Instance Annotation for Multi-Instance Multi-Label Learning

  • Authors:
  • Forrest Briggs;Xiaoli Z. Fern;Raviv Raich;Qi Lou

  • Affiliations:
  • Oregon State University;Oregon State University;Oregon State University;Oregon State University

  • Venue:
  • ACM Transactions on Knowledge Discovery from Data (TKDD) - Special Issue on ACM SIGKDD 2012
  • Year:
  • 2013

Quantified Score

Hi-index 0.00

Visualization

Abstract

Multi-instance multi-label learning (MIML) is a framework for supervised classification where the objects to be classified are bags of instances associated with multiple labels. For example, an image can be represented as a bag of segments and associated with a list of objects it contains. Prior work on MIML has focused on predicting label sets for previously unseen bags. We instead consider the problem of predicting instance labels while learning from data labeled only at the bag level. We propose a regularized rank-loss objective designed for instance annotation, which can be instantiated with different aggregation models connecting instance-level labels with bag-level label sets. The aggregation models that we consider can be factored as a linear function of a “support instance” for each class, which is a single feature vector representing a whole bag. Hence we name our proposed methods rank-loss Support Instance Machines (SIM). We propose two optimization methods for the rank-loss objective, which is nonconvex. One is a heuristic method that alternates between updating support instances, and solving a convex problem in which the support instances are treated as constant. The other is to apply the constrained concave-convex procedure (CCCP), which can also be interpreted as iteratively updating support instances and solving a convex problem.
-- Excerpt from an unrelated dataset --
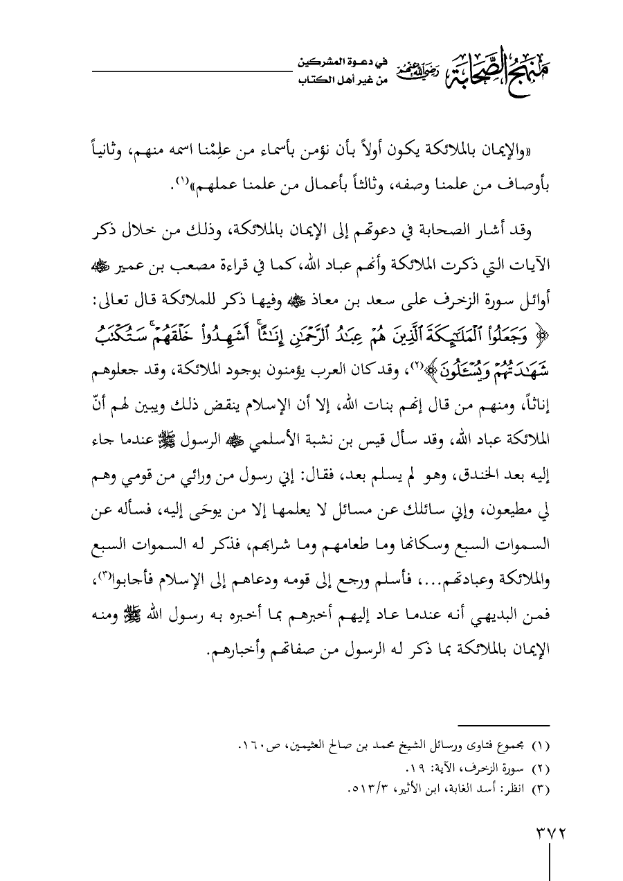وقد أشار الصحابة في دعوتهم إلى الإيمان بالملائكة، وذلك من خلال ذكر الآيات التي ذكرت الملائكة وأنهم عباد الله، كما في قراءة مصعب بن عمير - رضي الله عنه - أوائل سورة الزخرف على سعد بن معاذ - رضي الله عنه - وفيها ذكر للملائكة قال تعالى: {وَجَعَلُوا الْمَلَائِكَةَ الَّذِينَ هُمْ عِبَادُ الرَّحْمَنِ إِنَاثًا أَشَهِدُوا خَلْقَهُمْ سَتُكْتَبُ شَهَادَتُهُمْ وَيُسْأَلُونَ} (¬٢)، وقد كان العرب يؤمنون بوجود الملائكة، وقد جعلوهم إناثاً، ومنهم من قال إنهم بنات الله، إلا أن الإسلام ينقض ذلك ويبين لهم أنّ الملائكة عباد الله، وقد سأل قيس بن نشبة الأسلمي - رضي الله عنه - الرسول - صلى الله عليه وسلم - عندما جاء إليه بعد الخندق، وهو لم يسلم بعد، فقال: إني رسول من ورائي من قومي وهم لي مطيعون، وإني سائلك عن مسائل لا يعلمها إلا من يوحَى إليه، فسأله عن السموات السبع وسكانها وما طعامهم وما شرابهم، فذكر له السموات السبع والملائكة وعبادتهم ... ، فأسلم ورجع إلى قومه ودعاهم إلى الإسلام فأجابوا (¬٣)، فمن البديهي أنه عندما عاد إليهم أخبرهم بما أخبره به رسول الله - صلى الله عليه وسلم - ومنه الإيمان بالملائكة بما ذكر له الرسول من صفاتهم وأخبارهم.
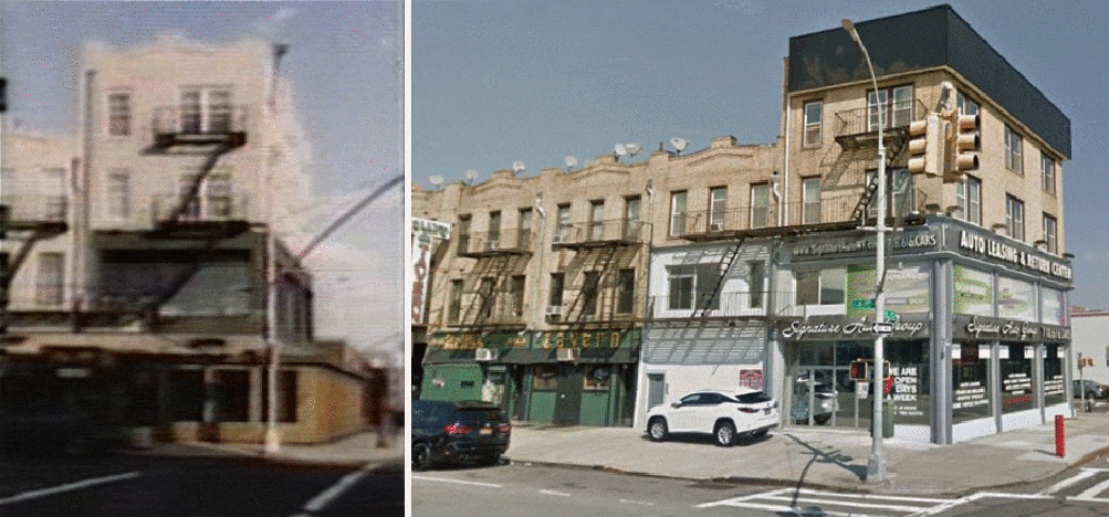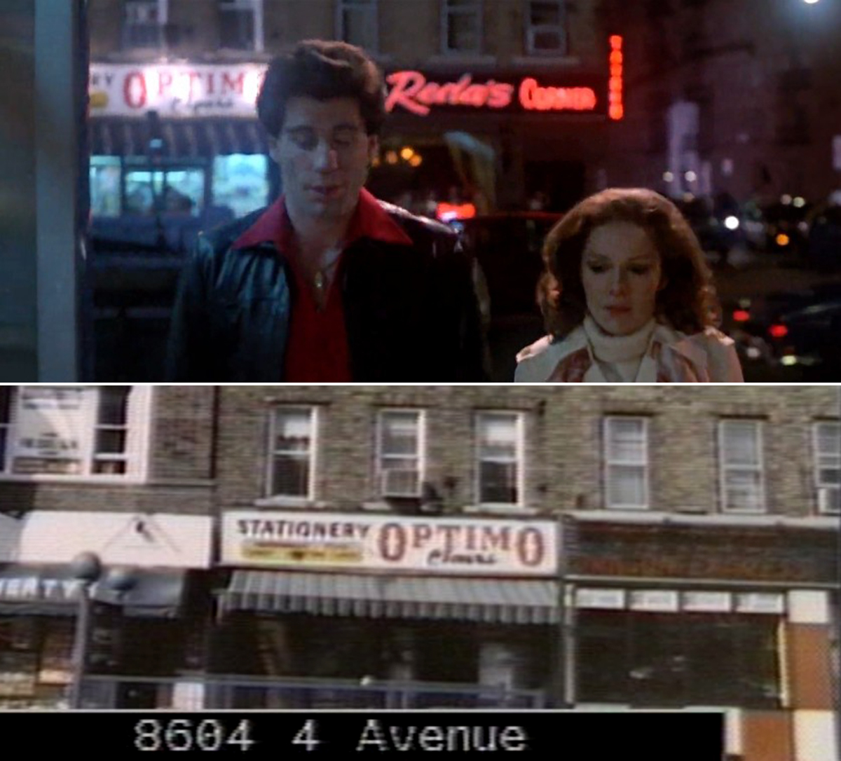 This is one of those locations that wasn’t of high interest with Fever fans, most likely because there’s not very much that happens in the scene other than Tony’s friends picking him up. However, The Movie District website ended up listing the address, which I confirmed was correct by matching up the relatively unchanged building on the corner of 79th Street and 3rd Avenue (featured in the first “before/after” image above).

To solve the convex problem, we employ the Pegasos framework of primal subgradient descent, and prove that it finds an ε-suboptimal solution in runtime that is linear in the number of bags, instances, and 1/ε. Additionally, we suggest a method of extending the linear learning algorithm to nonlinear classification, without increasing the runtime asymptotically. Experiments on artificial and real-world datasets including images and audio show that the proposed methods achieve higher accuracy than other loss functions used in prior work, e.g., Hamming loss, and recent work in ambiguous label classification.